Showing until 29 June 2013
Reviewed by Jemma Clark
Wow! After a great evening I am still grinning from ear to ear. What a performance. From the minute we walked in The Boards door we were greeted with smiles. We began our evening by enjoying a soft drink in the stunning Boards Bar. The décor just oozes class. Our seats we in the upper circle with perfect view. Who could ask for more? The chatter of the crowd took me back to my days in theatre shows. So exciting.
The orchestra began and straight away the reprise of ‘Tell me it’s not true’ gave us goosebumps. The band was effortlessly conducted and their harmony soon made the crowd fall silent. I always love seeing this show. The opening scene is very chilling as the actors walk in to their death beds. I found this to have great impact as to the tragedy that lies ahead. Twins separated at birth. One given to a rich family and the other kept in a lower class family only to become best friends when they cross paths, never knowing they are siblings.
As the music lightens the mood we are introduced to the characters as children. The cast were absolutely fantastic. There was not a part of me that didn’t believe they were 7 years old (well… nearly 8). Maureen Nolan always gives a fantastic performance as Mrs Johnston, showing her rollercoaster life through the words of ‘Marilyn Monroe’. Her heartache is so evident as she is forced to hand over one of her children after the welfare told her they would be taken from her if she has too many more children. She agrees to give one to the family she cleans for as they are unable to have children but has to agree that no one will ever know the truth of his real birth mother. Mickey and Eddie were portrayed so well. They become best friends after meeting while out playing near their homes and they form a strong bond from that day on. We could really relate to their differences in upbringing and their bond as blood brothers. The whole audience were encapsulated as they lived through their teenage and young adult years. Both in love with the same woman, their relationship becomes strained. Love and money prove to be what makes the world go around. Bad choices see Mickey’s life being stripped from him.

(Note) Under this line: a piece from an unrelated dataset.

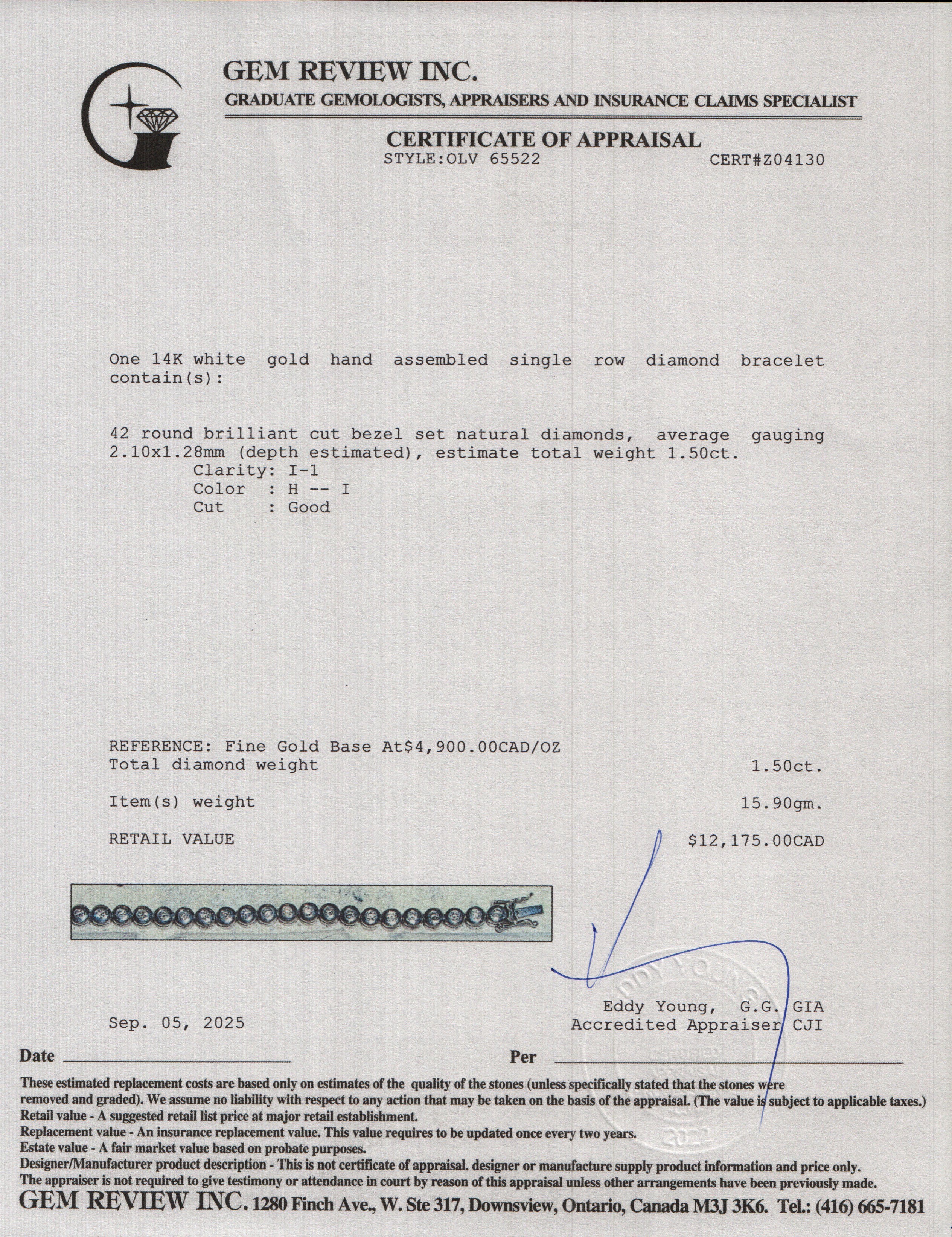 14k White Gold 1.5 tcw. Diamond Tennis Bracelet

His job, life and his sanity. He blames Eddie for this and takes drastic measures to rid him of this problem, by trying to kill him. Their mother tries desperately to stop him by revealing their true connection, only to end in tragedy as Mickey is shot by armed officers and inadvertently shoots Eddie dead. This end scene brings anyone with a heart to tears as a mother is crippled between her two dead sons. The final performance of ‘Tell me it’s not true’ is the one that will stick with you for many years. This cast fit so well together. The narrator’s voice duets perfectly will all the cast members and he tells the story in a very dramatic and informative way. You are never left wondering what’s just happened.

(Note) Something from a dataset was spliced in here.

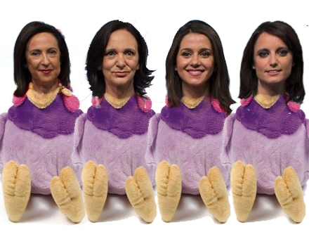 Margarita Robles (PP), Carolina Bescansa (Podemos), ordstyreren Vicente Vallés, der ikke kunne styre noget som helst, Inés Arrimada (Ciudadanos) og Andrea Levy (PP)

Overall this is and will always be one of my top musicals to go and see. It has the perfect blend of comedy and reality. Although it’s not a happy ending, it is a rollercoaster of emotion that just can’t be missed. More so with a cast as spot on as this one. What makes it even more enjoyable is the stunning theatre. Draped in red, you really feel that you are being treated. The staff are all very well presented and more than happy to help. The Playhouse really does offer the whole package.